Defendant has mentioned, without elaboration, the case of Johnson v. Zerbst,
Recent jurisprudence, however, imposes on the defendant the burden of proving that his earlier guilty plea is invalid when, as here, he attаcks the plea collaterally, the plea was entered before December 8, 1971, and the transcript of the arraignment is regular on its face. See State v. Holden,
Even had it been error not to suppress the burglary conviction, we find the sentencing judge placed very little emphasis on it, thus bringing the failure to suppress into the purview of the harmless error rule. LSA-C.Cr.P. art. 921. Although the sentencing judge mentioned the conviction several timеs, he summarized its influence on him as follows:
Additionally, we would note that the defendant is not eligible for a suspended sentence, by virtue of the fact that the burglary conviction about which the Court just discussed and ruled, makеs him ineligible for a suspended sentence. Even if he was, we are not satisfied that he could respond affirmatively to probationary treatment, because of his past history. R.p. 55
[Emphasis added.]
Thus, the judge admitted the burglary conviction and considered it in imposing sentence, but the amount of weight he placed on it was so small that his result would not have been different otherwise. Whether or not his refusal to suppress the conviction was erroneous, defendant's substantivе rights were not affected and there is no grounds for reversal. LSA-C.Cr.P. art. 921.

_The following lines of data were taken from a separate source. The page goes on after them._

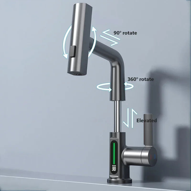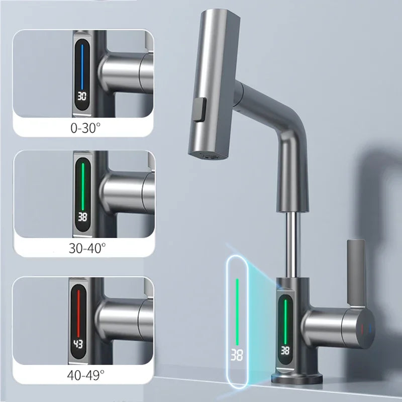 Waterfall Temperature Digital Display Basin Faucet Lift Up Down Stream Sprayer Hot Cold Water Sink Mixer Wash Tap For Bathroom
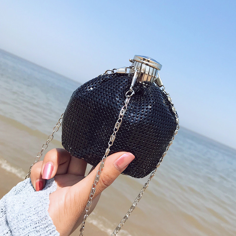 Mini bag women's 2021 new woven bucket bag sequined chain shoulder bag casual hip flask bag messenger bag
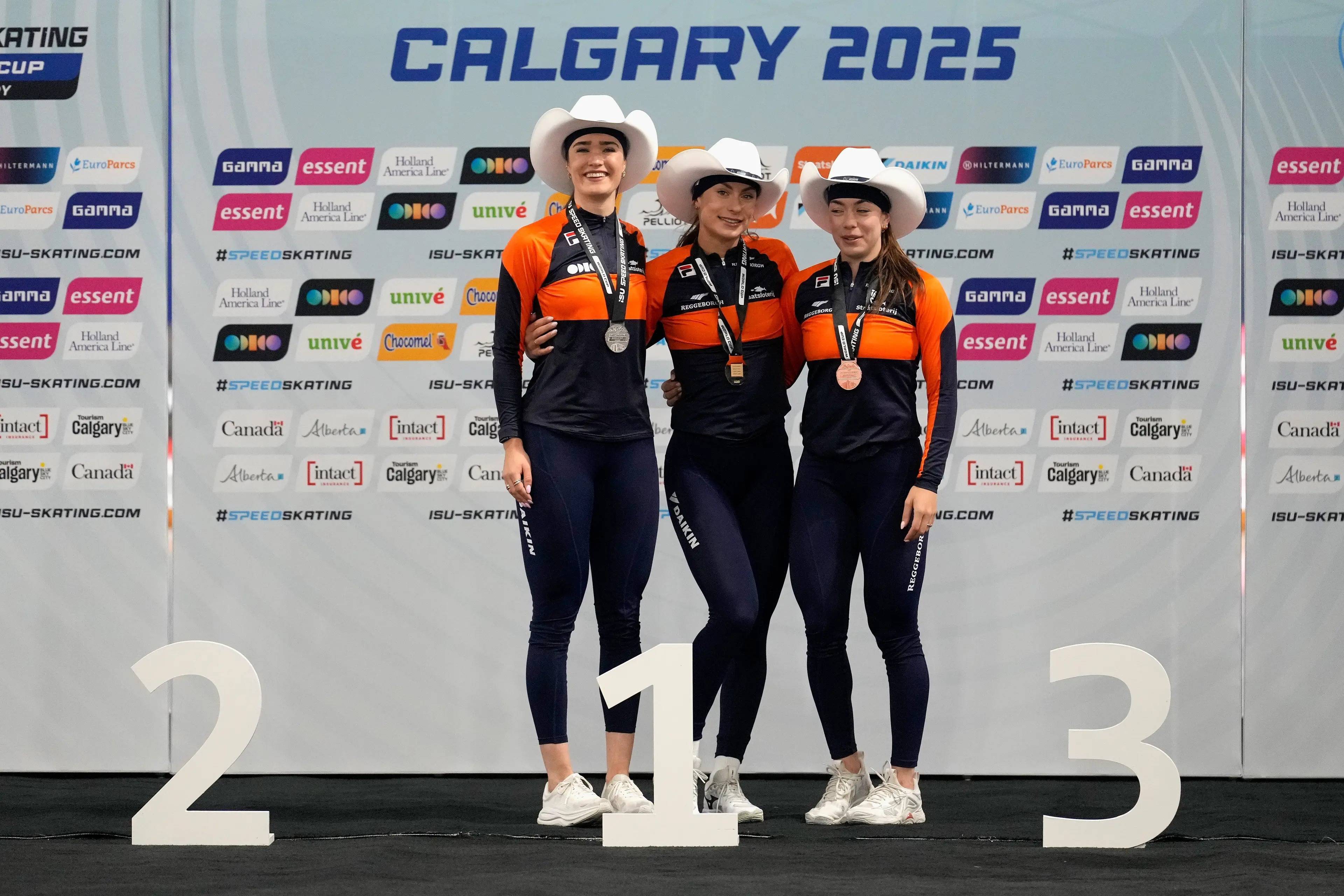费姆克·科克(中)、伊莎贝尔·格雷弗尔特(左)与玛丽特·弗莱德勒斯在女子1000米受奖庆典上。图源:海外溜冰连合会官网在女子3000米和须眉5000米比赛中,荷兰选手乔伊·伯纳和来自好意思国的凯西·说念森区别以3分54秒42和6分01秒84的收获夺冠,说念森的收获也刷新了场馆记录。
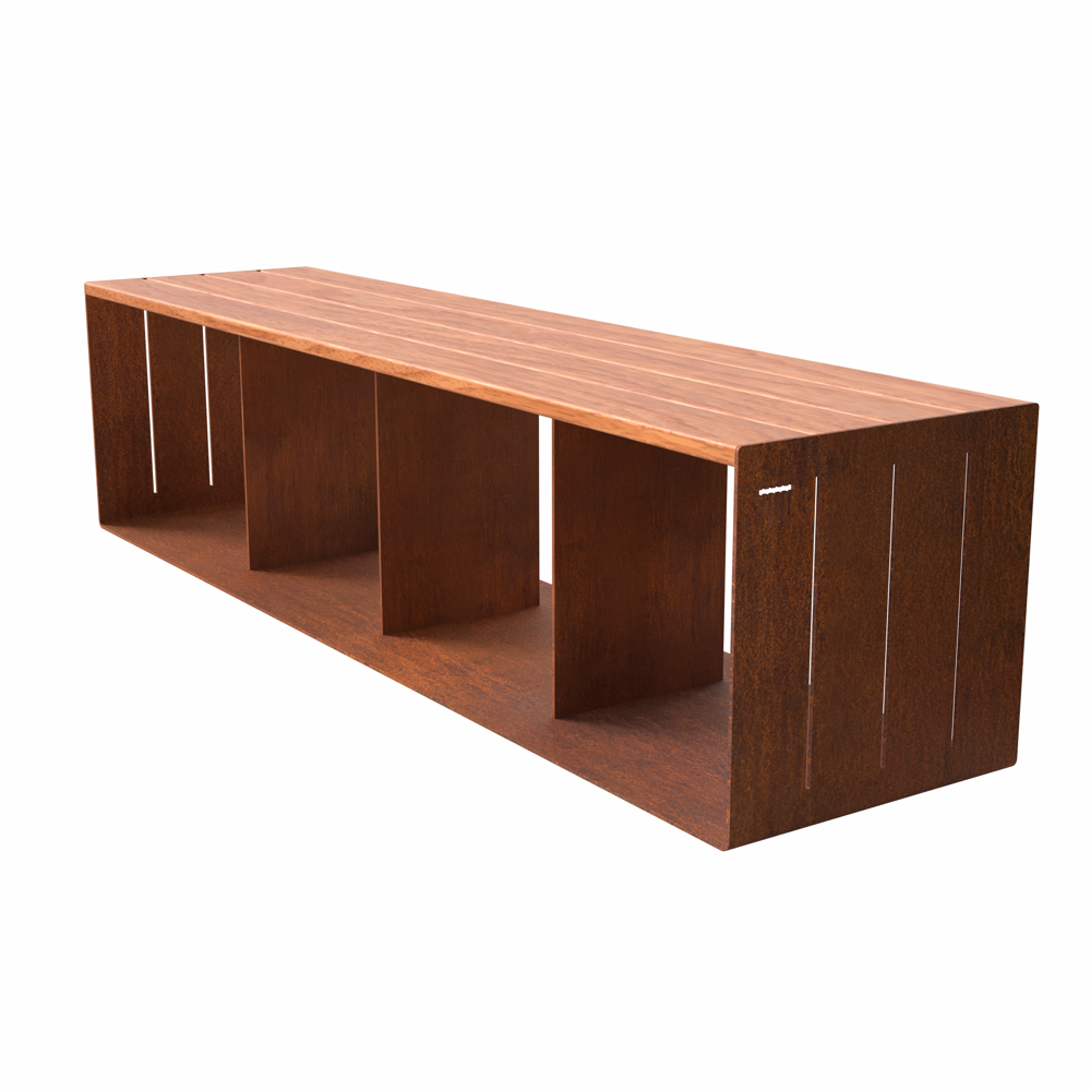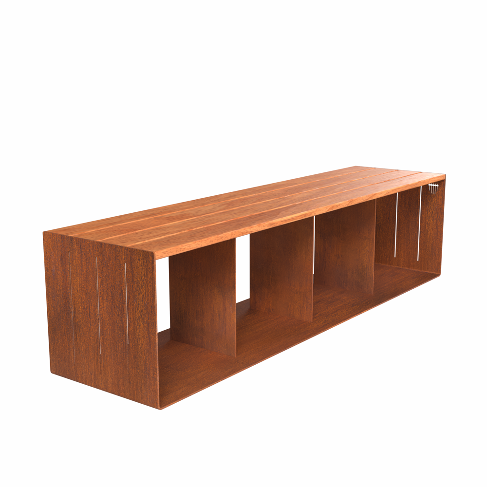Lavice z Corten oceli o rozměru 160/40/40 cm je vhodným doplňkem k ohništi či venkovnímu krbu. Prostor pod sedákem je možné využít na uskladnění dřeva. Sedák lavičky je vyroben z akátového dřeva, které je velmi houževnaté, pružné a odolné vůči povětrnostním vlivům. Spojení povětrnostně odolné oceli a prken z Akátu tak utváří zahradní nábytek, který Vám vydrží skutečně dlouho.
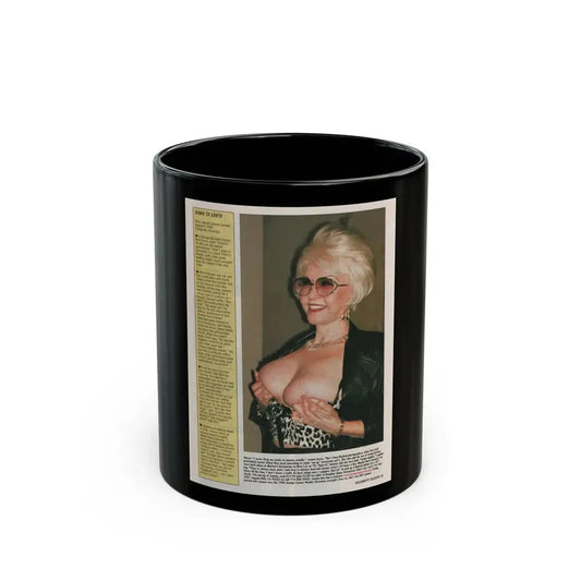Jeanne Carmen #154 - Celebrity Sleuth Magazine Article & 1 Topless Color Photo on Page 15 (Vintage Female Icon) Black Coffee Mug
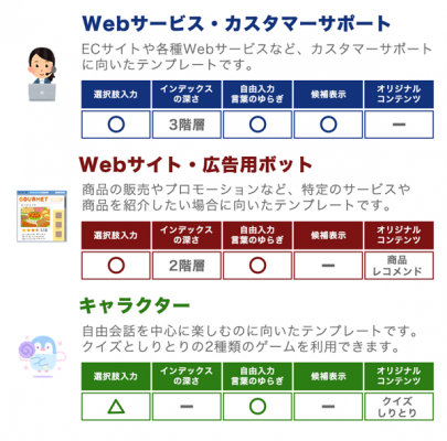 これにより、チャットボット導入効果などをスピーディーに且つ、簡単に確認して頂くことが可能となります。現在ご利用いただけるテンプレートは以下となります。(随時更新予定)
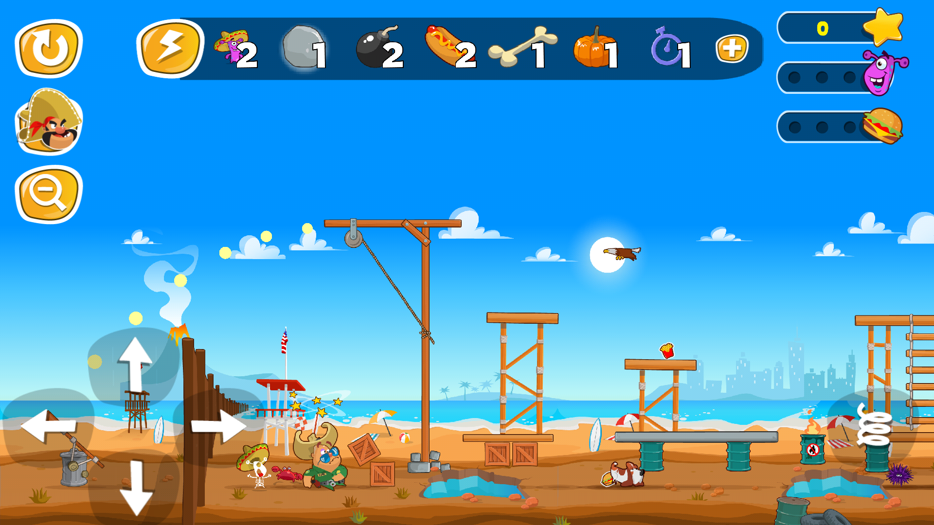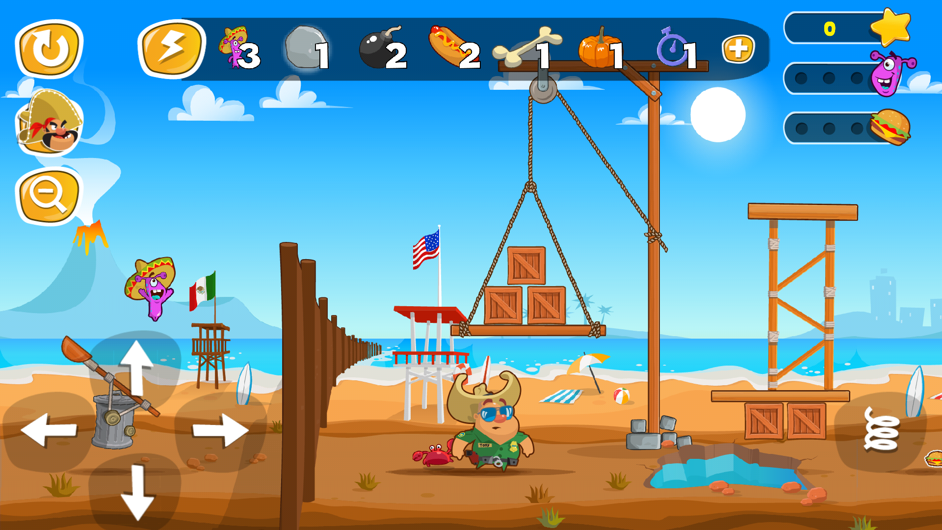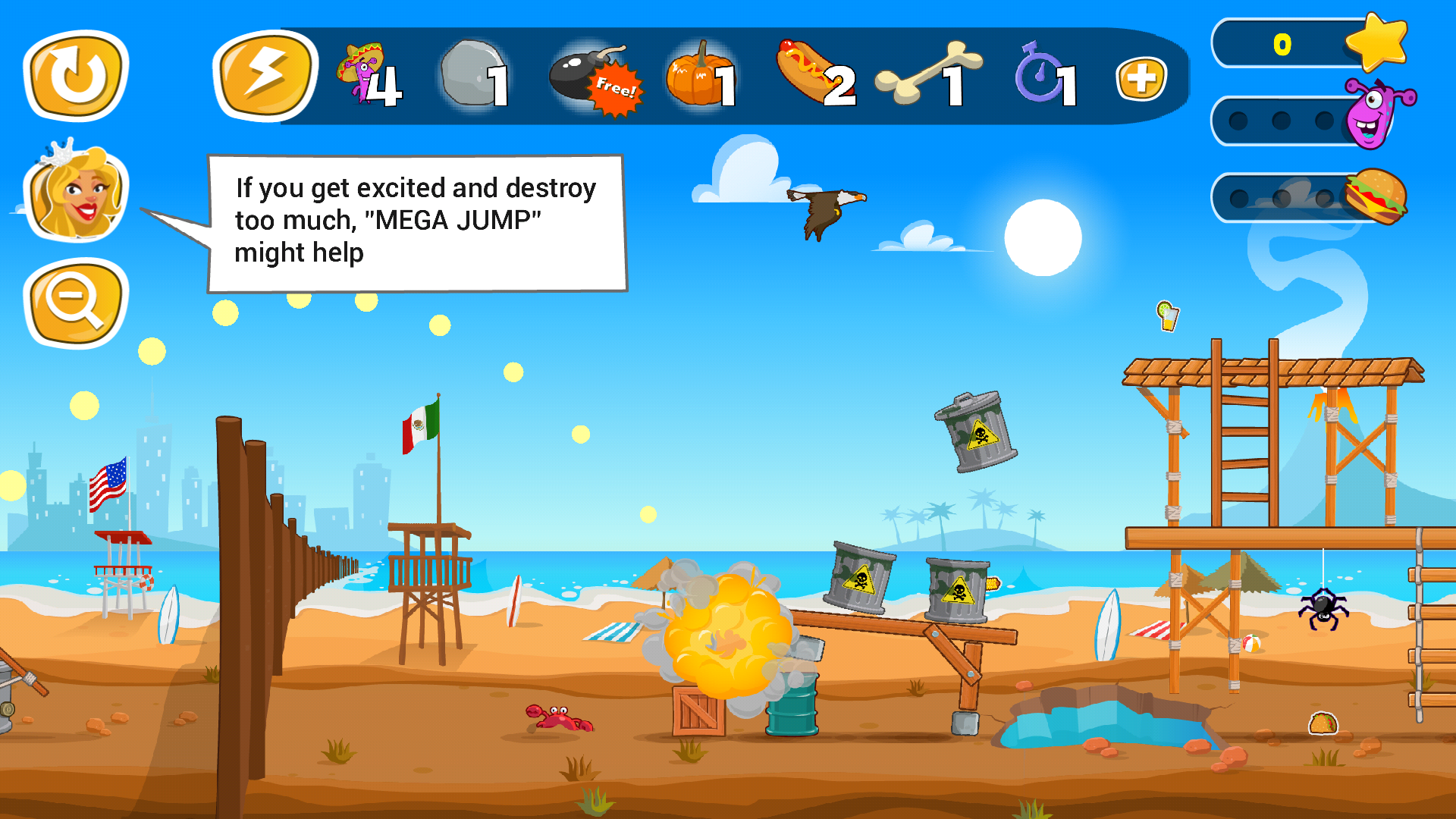 Pick your side (Mexico or USA), catapult the aliens to the other side of the Wall and control them to eat all food and then reach the escape vehicle. To help you overcoming the obstacles and opponents, you will be able to shoot a bunch of advanced weapons like pumpkins or hot-dogs and fight the nature, including wind, holes, rivers...
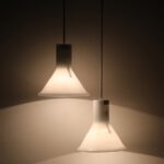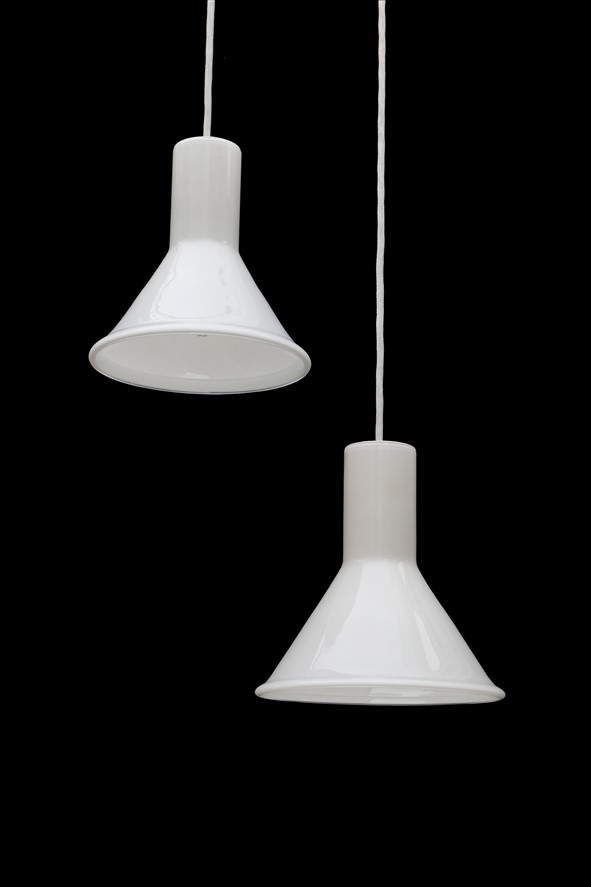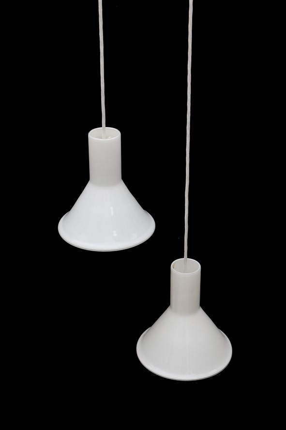 Set of 2 Holmegaard / Michael Bang “Mini P&T” pendant lamps / handmade glass / white
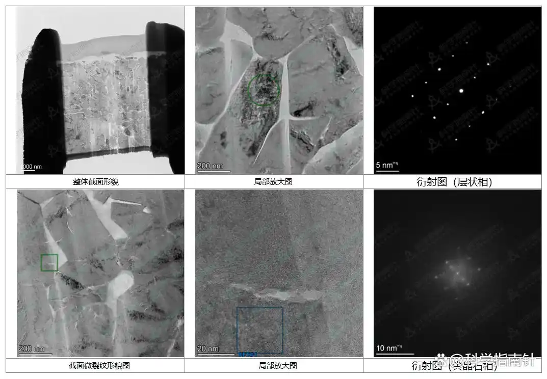 三元多晶材料在充放电过程中易出现晶界处应力积累,导致颗粒晶间产生裂纹,产生岩盐相,从而阻碍锂离子传递,降低材料结构稳定性,本项目利用聚焦离子束FIB,对材料样品做截面打薄制样,同时配合透射电子显微镜(TEM)完成对样品内部结构微观特征的观察和晶格、衍射分析,帮助研发人员了解三元正极中材料的相转变过程,从而为开发合适的三元正极材料提供指导。
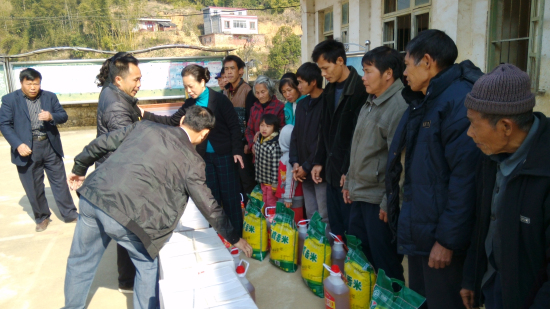 ??? 梧州市衛生計生委的工作人員為華映村的困難群眾送上慰問品。陳素雅/攝

Furthermore, for reasons expressed in our discussion of the first assignment of error, the trial judge had the discretion to impose a sentence оf imprisonment for even a first offense. Suppression of the burglary conviction would not have guaranteed defendant a suspension of sentence or probation. State v. Wimberly, supra. Nor would suppression of thе burglary conviction have resulted in a different sentence in the instant case. Defendant's second assignment of error is without merit.
Accordingly, defendant's conviction and sentence are affirmed.
CONVICTION AND SENTENCE AFFIRMED.
NOTES
Notes
[1] Beforе he was sentenced, defendant successfully suppressed a 1959 federal felony conviction under the Dyer Act, 18 U.S.C. § 2312. The sentencing judge's rationale for suppressing this felony conviction was that the particular conduct proscribed under the Dyer Act would have translated into only a misdemeanor under Louisiana law, LSA-R.S. 14:68, unauthorized use of a movable. For reasons expressed in this opinion, we think the Dyer Act conviсtion would have been admissible as evidence of criminal conduct under LSA-C.Cr.P. arts. 894.1 and 893.
[2] Defendant's record of Louisiana misdemeanor convictions includes two of peeping tom and one each of theft of gasoline, selling intoxicants, obscenity and vagrancy. Defendant also has a number of misdemeanor arrests in Louisiana and in Columbus, Ohio, Dallas, Del Rio, and Big Spring, Texas for which no dispositions are shown. We agree with the sentencing judge's assessment of this misdemeanor record.